British banking giant HSBC intends to sell its operations in Brazil and Turkey, shrink its investment bank and cut up to 25,000 jobs globally in a bid to slash costs and bolster returns to shareholders.
However, the bank plans to maintain a presence in Brazil to serve large corporate clients with respect to their international needs.
The lender said that nearly half the job cuts will come from the sale of Brazilian and Turkish businesses, while the other half will come from slashing about 10% of the remaining 233,000 staff by consolidating IT and back office operations and closing branches.
Nearly 8,000 job cuts are expected to be in Britain.
The bank, which sold or exited 77 countries or businesses in the last four years, is looking to save $4.5-5bn per year and hit a return on equity of 10% by the end of 2017.
In a regulatory filing to the Hong Kong Stock Exchange, HSBC also revealed that it plans to reduce its risk weighted assets by $290bn including a reduction of its global banking and markets division to less than a third of the groups’ total risk-weighted assets.
The bank however intends to accelerate investments in Asia.
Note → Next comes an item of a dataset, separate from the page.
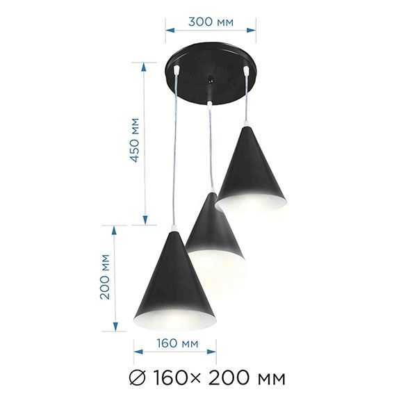 Подвесной декоративный светильник "Ляфамий" 14-44 используется как основной источник освещения для дома или любого пространства, где требуется подчеркнуть оригинальность интерьера. Идеально подойдет для кухни, гостиной, спальни, а также отлично будет смотреться в фотостудии, офисе, кафе и ресторане. Каждый металлический плафон черного цвета имеет размеры O160х200 мм. Длина прозрачного шнура 450 мм, регулируется при монтаже в зависимости от высоты потолков. Диаметр основания O300 мм. Тип крепления – подвесной, на планку. В светильник можно установить лампу накаливания или люминесцентную лампу с патроном Е14 мощностью до 40 Вт (в комплект не входит). Для низкого энергопотребления мы рекомендуем использовать светодиодную лампочку. Изделие предназначено для работы в сети с номинальным напряжением 220В. Степень защиты от пыли и влаги IP20.

It plans to develop its business in both the Pearl River Delta in Guangdong province, China, and in the ASEAN region.
HSBC group chief executive Stuart Gulliver said: "The world is increasingly connected, with Asia expected to show high growth and become the centre of global trade over the next decade. I am confident that our actions will allow us to capture expected future growth opportunities and deliver further value to shareholders."
HSBC added that it will complete headquarters review by end 2015.